Attenuated Infectivity of HIV Type 1 from Epithelial Cells Pretreated with a Tight-Binding Nonnucleoside Reverse Transcriptase Inhibitor

Abstract

Short exposure of uninfected lymphocytes to UC781, a tight-binding nonnucleoside reverse transcriptase inhibitor (NNRTI), renders these cells refractory to subsequent HIV infection in the absence of exogenous drug (Borkow et al: J Virol 1997;71:3023-3030). Since epithelial cells may play a role in the sexual transmission of HIV-1, we examined the ability of NNRTI pretreatment to protect ME180 cervical epithelial cells and I407 intestinal epithelial cells from subsequent HIV-1 infection.
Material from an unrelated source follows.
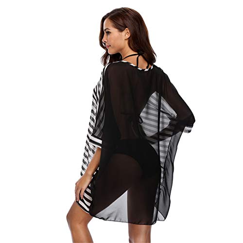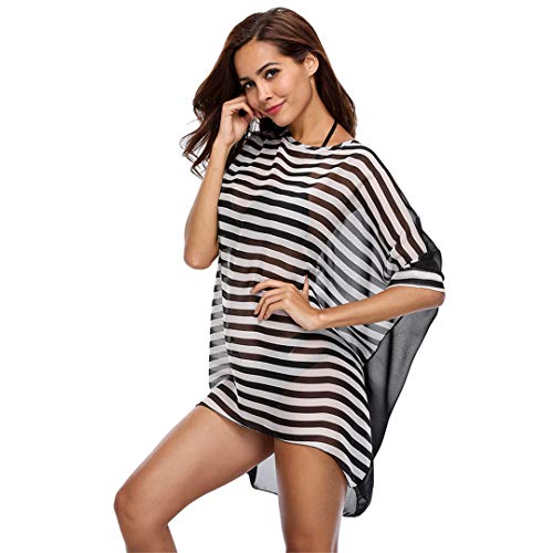 YJIUAS Mantillas Vestido de la Vendimia de Las Mujeres Stripe translúcido Playa...

Epithelial cells were pretreated with NNRTI, then exposed to HIV-1 chronically infected H9(+) cells for a short time following removal of the exogenous drug. The epithelial cells were productively infected by HIV-1, as shown by the presence of integrated HIV-1 proviral DNA, the presence of intracellular p24 antigen, and the production of nascent HIV-1 virions (cell-free p24) at various times postinfection. UC781 pretreatment of the epithelial cells did not prevent HIV-1 infection, since the cells had integrated proviral DNA, but the infectivity of virus subsequently produced from the UC781-treated cells was attenuated in a dose-dependent manner and virtually abolished at UC781 concentrations readily attainable in vivo. In contrast, nevirapine was ineffective in this respect, suggesting that not all NNRTI have microbicidal potential. The abrogation of infectivity of virus produced from UC781-pretreated epithelial cells suggests that this NNRTI may be useful in vaginal microbicide formulations targeted to inhibit HIV-1 in the vaginal/cervical or rectal milieus of a newly exposed individual.